### Entries shown:
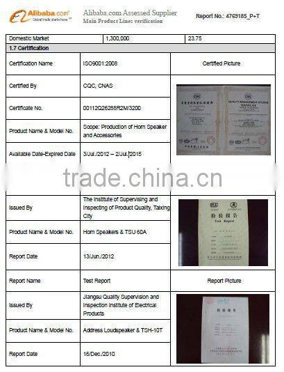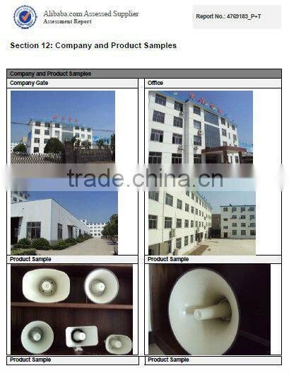 TAIXING YANGSHENG ELCTRONIC CO., LTD is a professional manufacturer of PA speaker system products with decades of researching and manufacturer experience. Primary products are paging horn speaker, industry specialized speaker, siren speaker, wall speaker as well as in-ceiling speaker etc. Professional products are certified by CE and ROHS standards. And all products are exported to clients in Europe, America, Middle East, Africa and Southeast Asia.
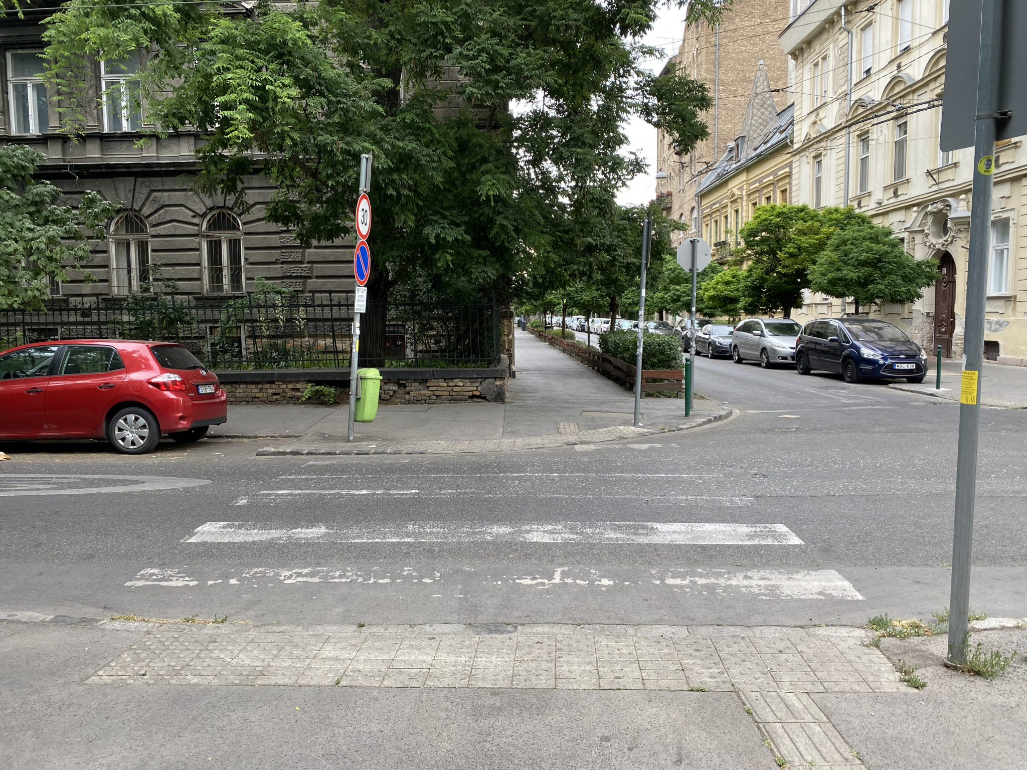 A Szondi utca-Munkácsy Mihály utca sarkán lekopott mind a két zebra. A közeli óvodák, iskolák miatt különösen fontos lenne ezek kijavítása.
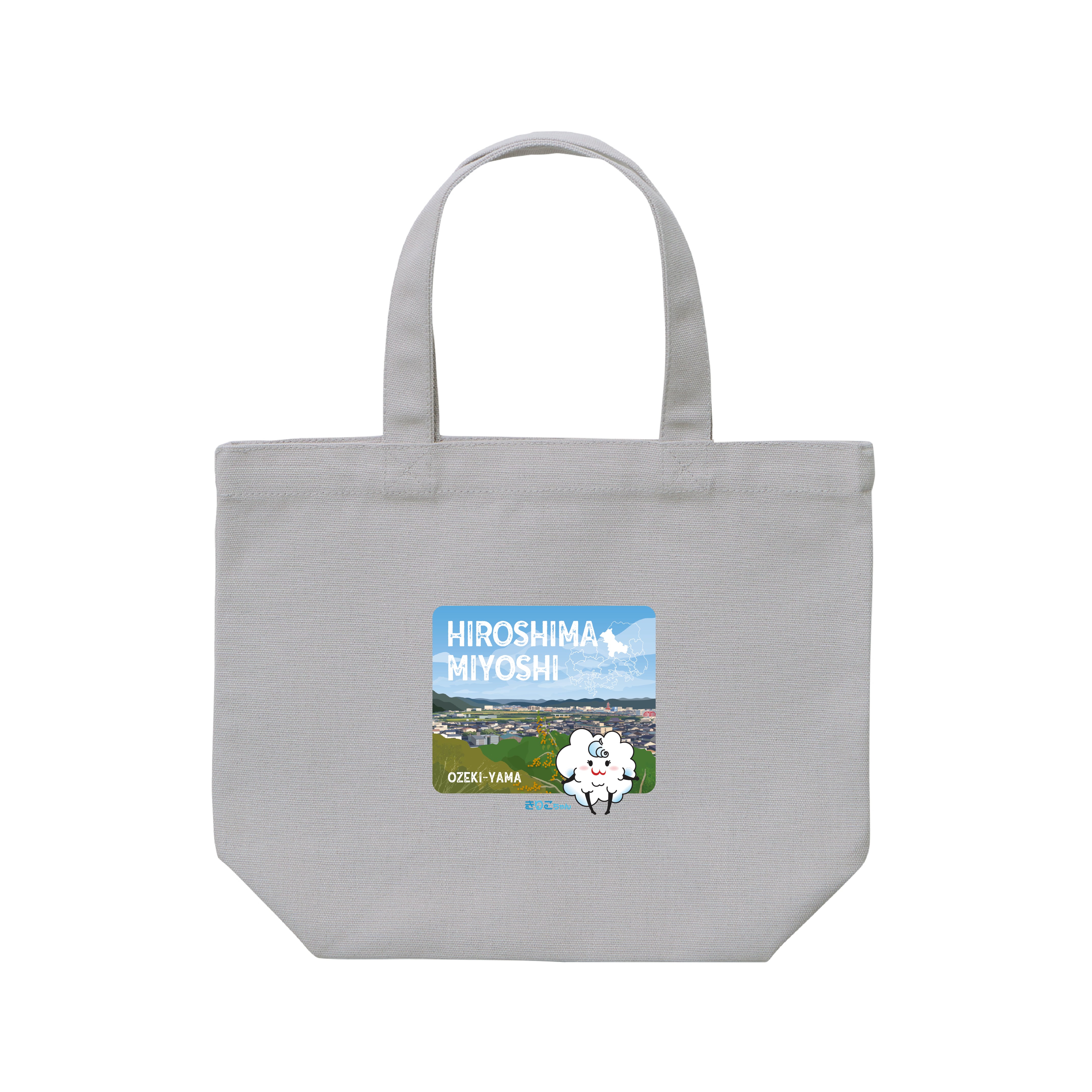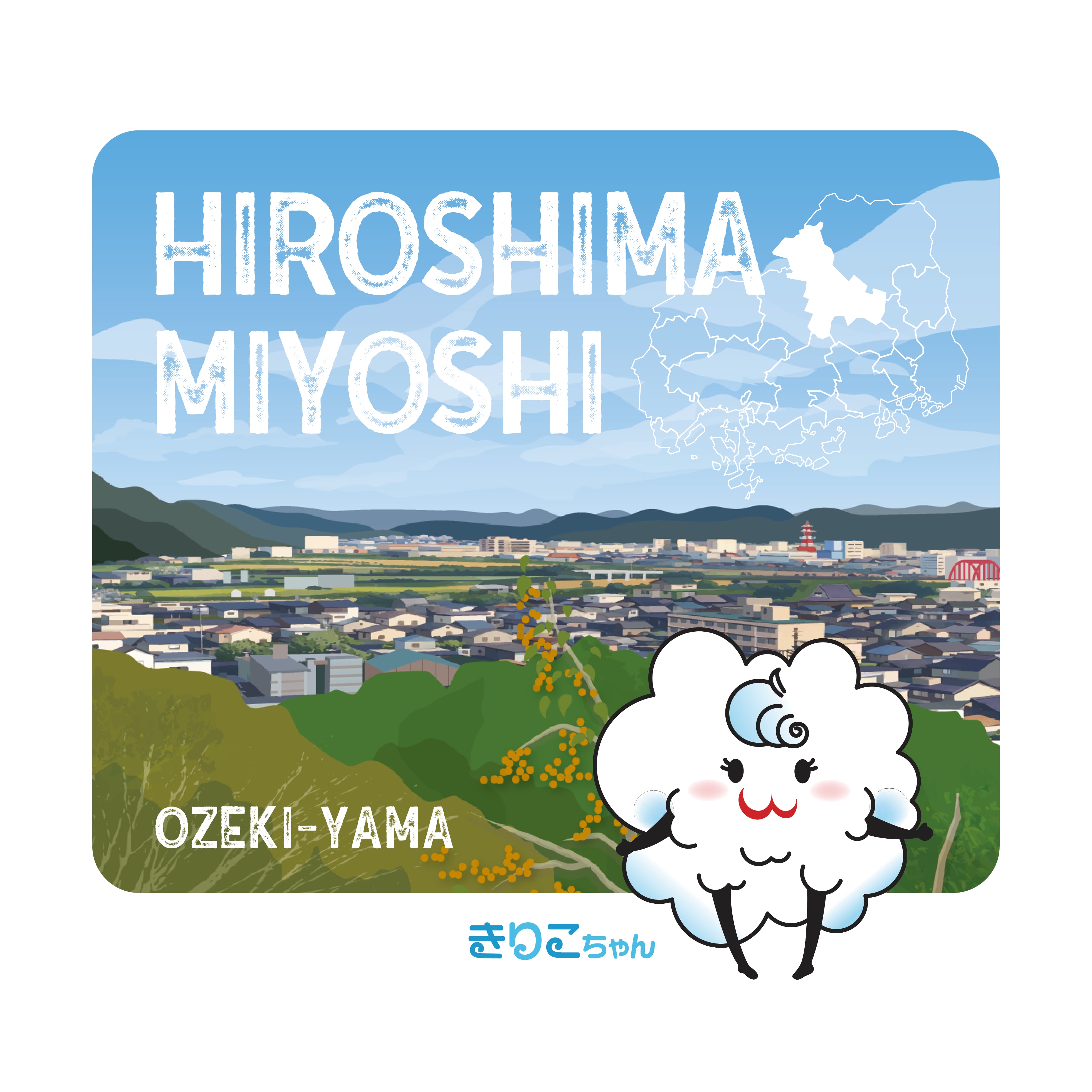 尾関山からの三次の風景に、きりこちゃんがふんわりと寄り添う可愛らしいデザインに仕上げました。
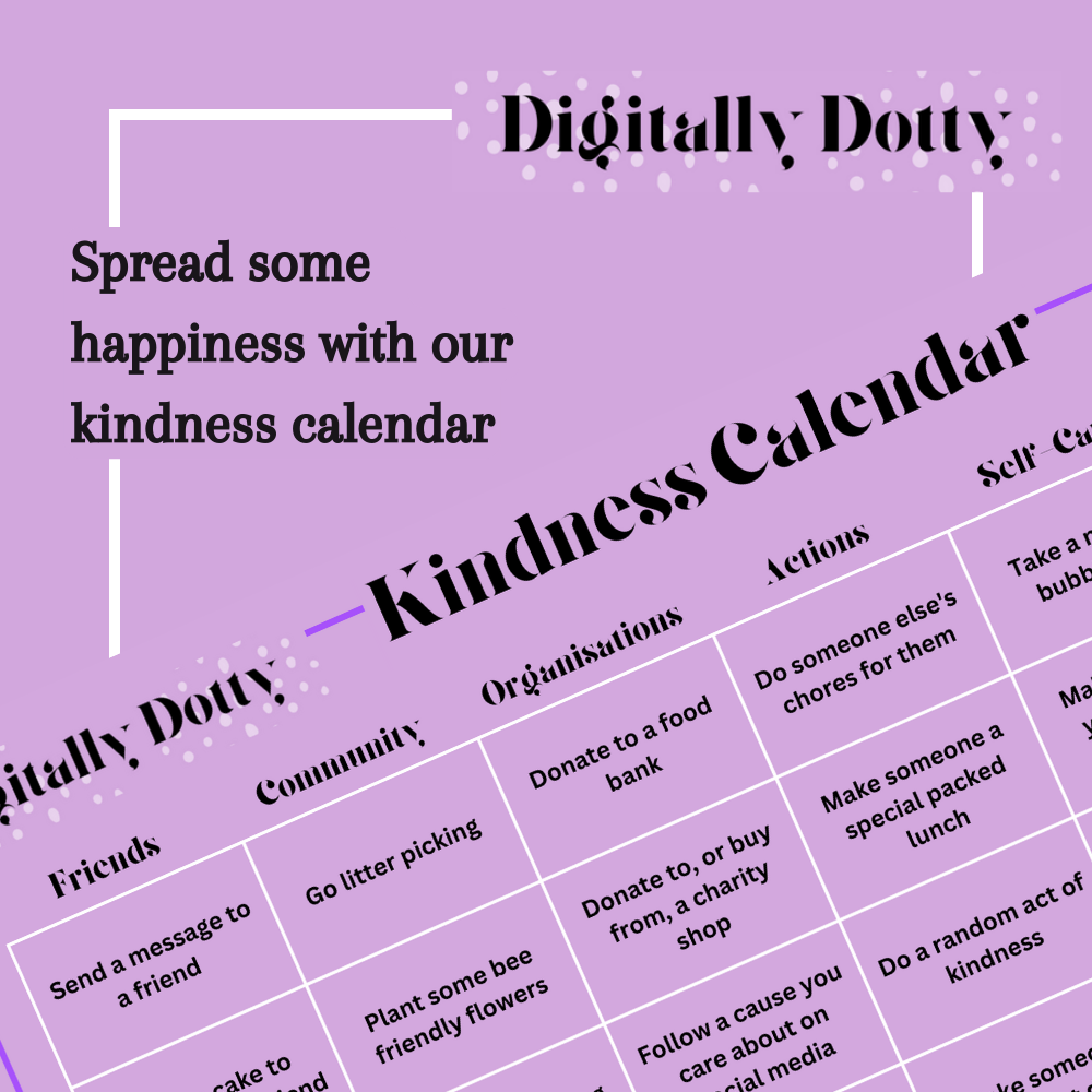 Many of the prompts are open ended, so be creative in how you interpret them! Challenge yourself to complete the calendar without spending anything, or try to make sure anything you do spend goes to small businesses or charities.
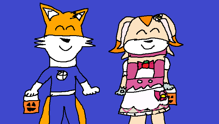 Tails is dressed as Mr. Fantastic and Cream is dressed as Cure Whip
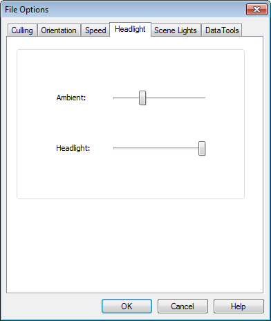 You can customize the Head Light properties in the File Options dialog box (Home tab > Project panel).
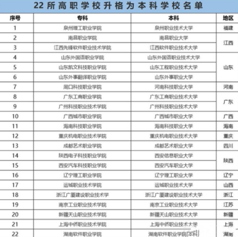 版权声明:我们致力于保护作者版权,注重分享,被刊用文章【可专升本的学校有哪些(22所高职院校晋升为本科)】因无法核实真实出处,未能及时与作者取得联系,或有版权异议的,请联系管理员,我们会立即处理! 部分文章是来自自研大数据AI进行生成,内容摘自(百度百科,百度知道,头条百科,中国民法典,刑法,牛津词典,新华词典,汉语词典,国家院校,科普平台)等数据,内容仅供学习参考,不准确地方联系删除处理!;
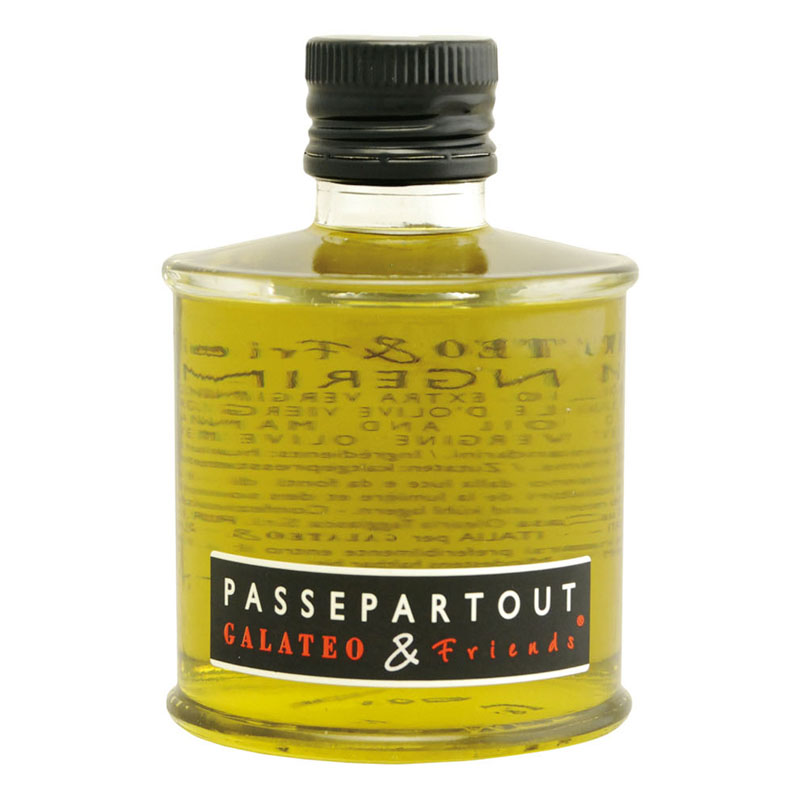 Certified tangerines grown in Sicily and olives owned by Galateo and Friends are cold processed in the property’s mill to produce this citrus-flavored oil. The water from the olives and the juice from the tangerines are eliminated during the crushing process, enhancing the aroma of the tangerine zest. This oil is ideal for firm crustaceans such as scallops, for sautéing, roasting or for homemade mayonnaise. Another idea: buttered toast with anchovies and tangerine generously drizzled on top.
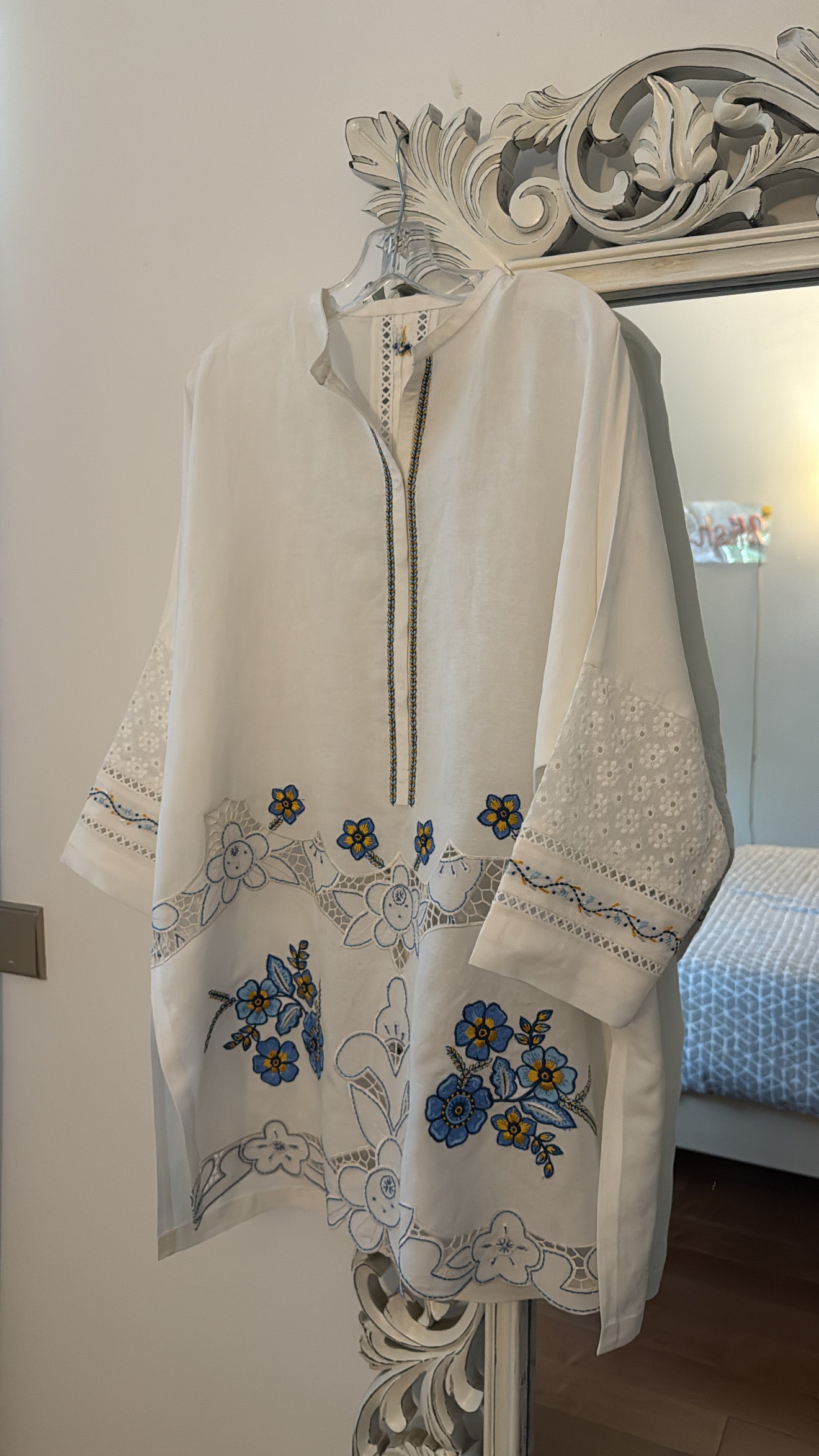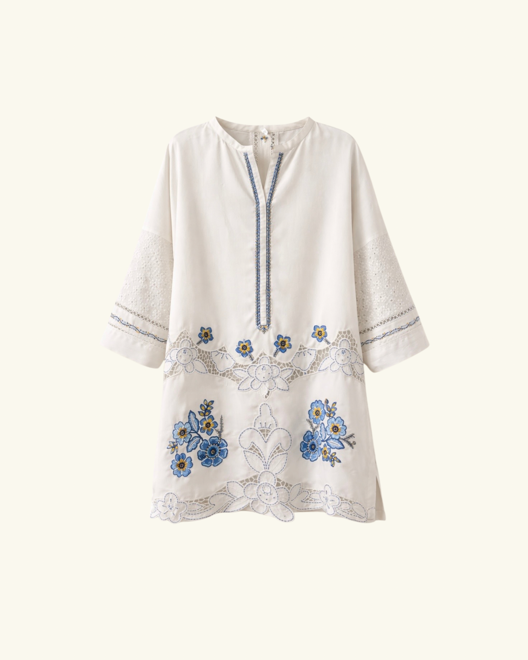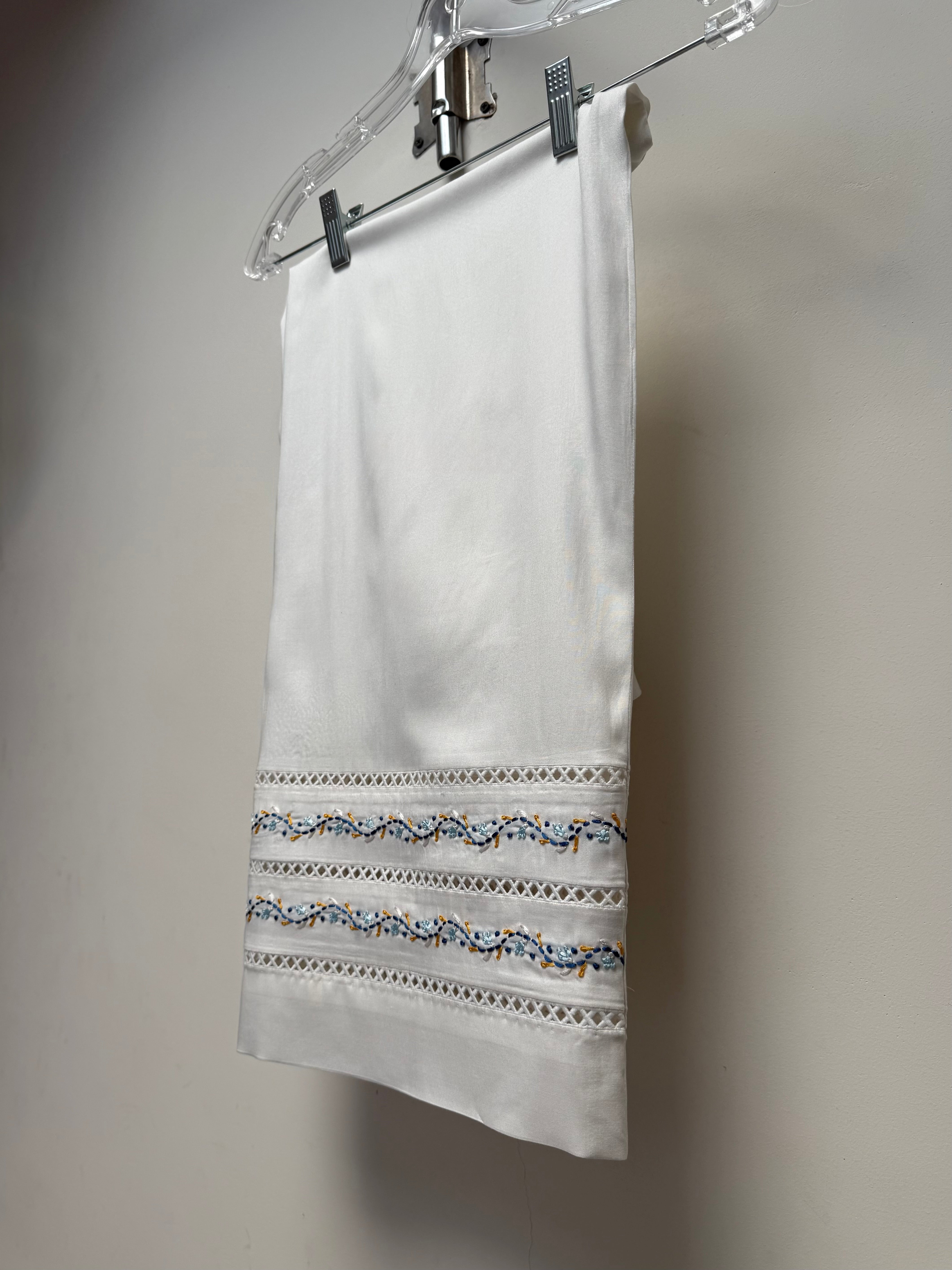 Premium linen with lacework and intricate hand embroidery for elevated dinner wear.

### Task details:
Return exactly, and only, the lines that run from the line containing "You can customize" to the last line of the entries above, both ends included, with pictures left out.

### Solution to this problem:
 You can customize the Head Light properties in the File Options dialog box (Home tab > Project panel).
 版权声明:我们致力于保护作者版权,注重分享,被刊用文章【可专升本的学校有哪些(22所高职院校晋升为本科)】因无法核实真实出处,未能及时与作者取得联系,或有版权异议的,请联系管理员,我们会立即处理! 部分文章是来自自研大数据AI进行生成,内容摘自(百度百科,百度知道,头条百科,中国民法典,刑法,牛津词典,新华词典,汉语词典,国家院校,科普平台)等数据,内容仅供学习参考,不准确地方联系删除处理!;
 Certified tangerines grown in Sicily and olives owned by Galateo and Friends are cold processed in the property’s mill to produce this citrus-flavored oil. The water from the olives and the juice from the tangerines are eliminated during the crushing process, enhancing the aroma of the tangerine zest. This oil is ideal for firm crustaceans such as scallops, for sautéing, roasting or for homemade mayonnaise. Another idea: buttered toast with anchovies and tangerine generously drizzled on top.
 Premium linen with lacework and intricate hand embroidery for elevated dinner wear.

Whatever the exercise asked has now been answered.